RoomPilot: Controllable Synthesis of Interactive Indoor Environments via Multimodal Semantic Parsing
This addresses the need for controllable scene generation in game development, architectural visualization, and embodied AI training, representing a significant but incremental improvement over prior approaches.
The authors tackled the problem of generating controllable and interactive indoor scenes by introducing RoomPilot, a framework that parses text or CAD floor plans into a domain-specific language for structured scene generation, resulting in superior physical consistency and visual fidelity compared to existing methods.

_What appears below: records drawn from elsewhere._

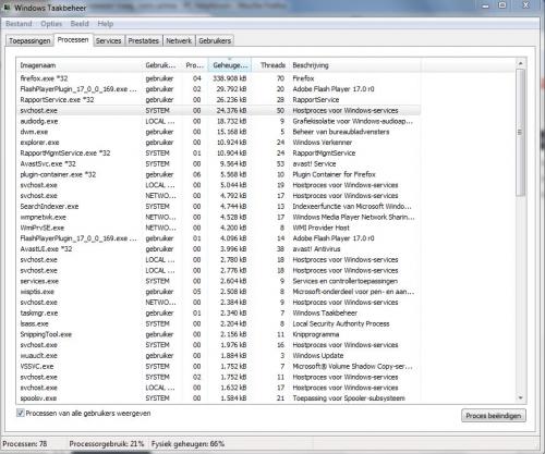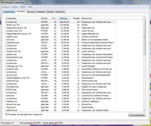 EUREKA! Het lijkt erop dat het goed werkt! Ineens geen haperingen meer, zo fijn! Fysiek geheugen rond de 70%, voornamelijk door Firefox, dus niet meer door de svchost. Ik hoop dat het zo blijft. Dank! -
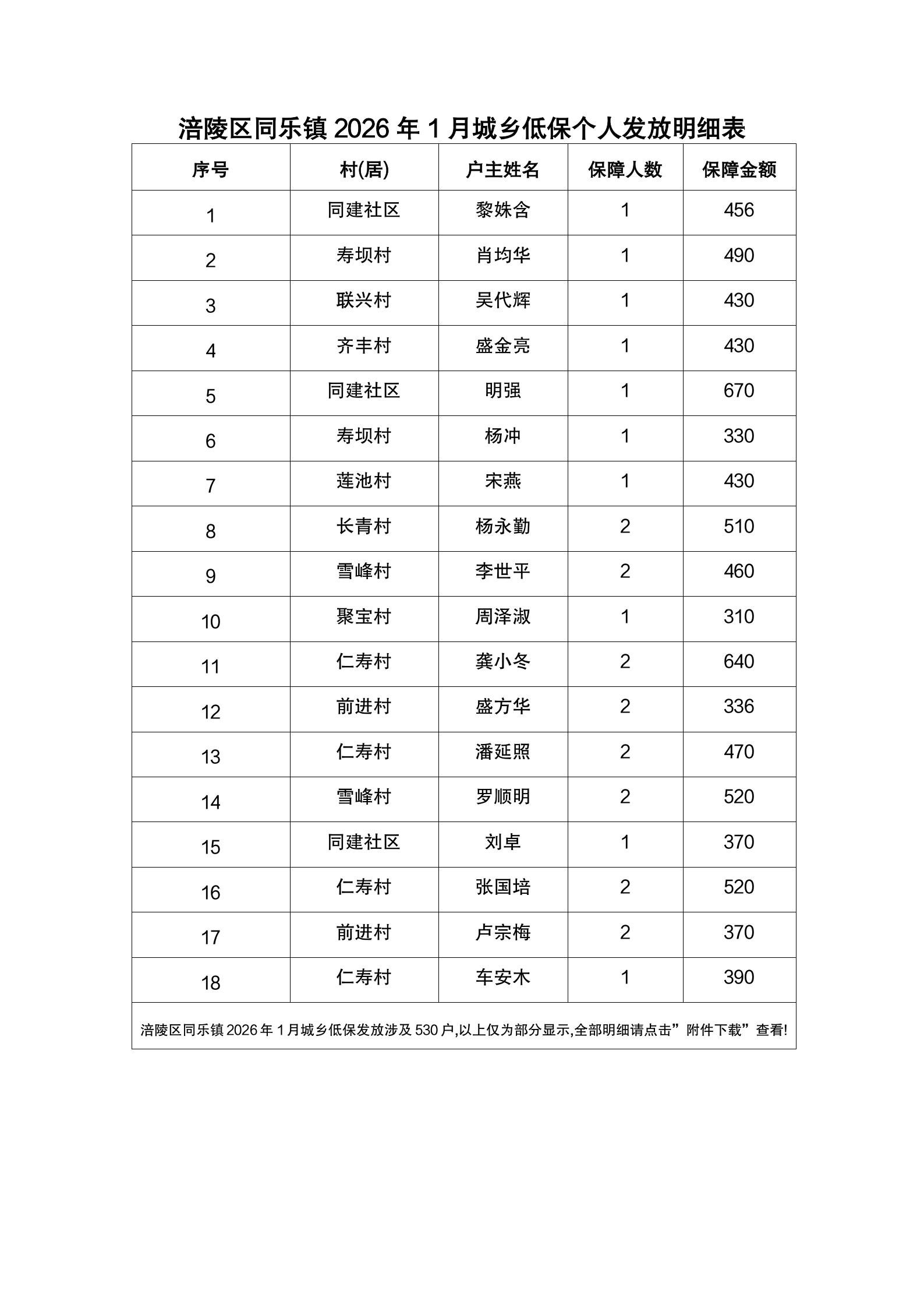 涪陵区同乐镇2026年1月城乡低保个人发放明细表
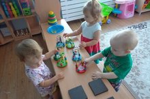 В ходе игровой ситуации с детьми второго года жизни, группы первого раннего возраста «Звездочки» рассмотрели игрушку Деревянный лабиринт. Ребята попробовали передвигать одну бусинку за другой одним пальчиком. Они были увлечены и активны...
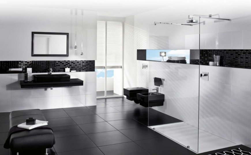 - нужно быть готовым к трудному выбору материалов для отделки ванной комнаты, поскольку не все производители выпускают свою продукцию в черных и белых цветах;

Generating controllable and interactive indoor scenes is fundamental to applications in game development, architectural visualization, and embodied AI training. Yet existing approaches either handle a narrow range of input modalities or rely on stochastic processes that hinder controllability. To overcome these limitations, we introduce RoomPilot, a unified framework that parses diverse multi-modal inputs--textual descriptions or CAD floor plans--into an Indoor Domain-Specific Language (IDSL) for indoor structured scene generation. The key insight is that a well-designed IDSL can act as a shared semantic representation, enabling coherent, high-quality scene synthesis from any single modality while maintaining interaction semantics. In contrast to conventional procedural methods that produce visually plausible but functionally inert layouts, RoomPilot leverages a curated dataset of interaction-annotated assets to synthesize environments exhibiting realistic object behaviors. Extensive experiments further validate its strong multi-modal understanding, fine-grained controllability in scene generation, and superior physical consistency and visual fidelity, marking a significant step toward general-purpose controllable 3D indoor scene generation.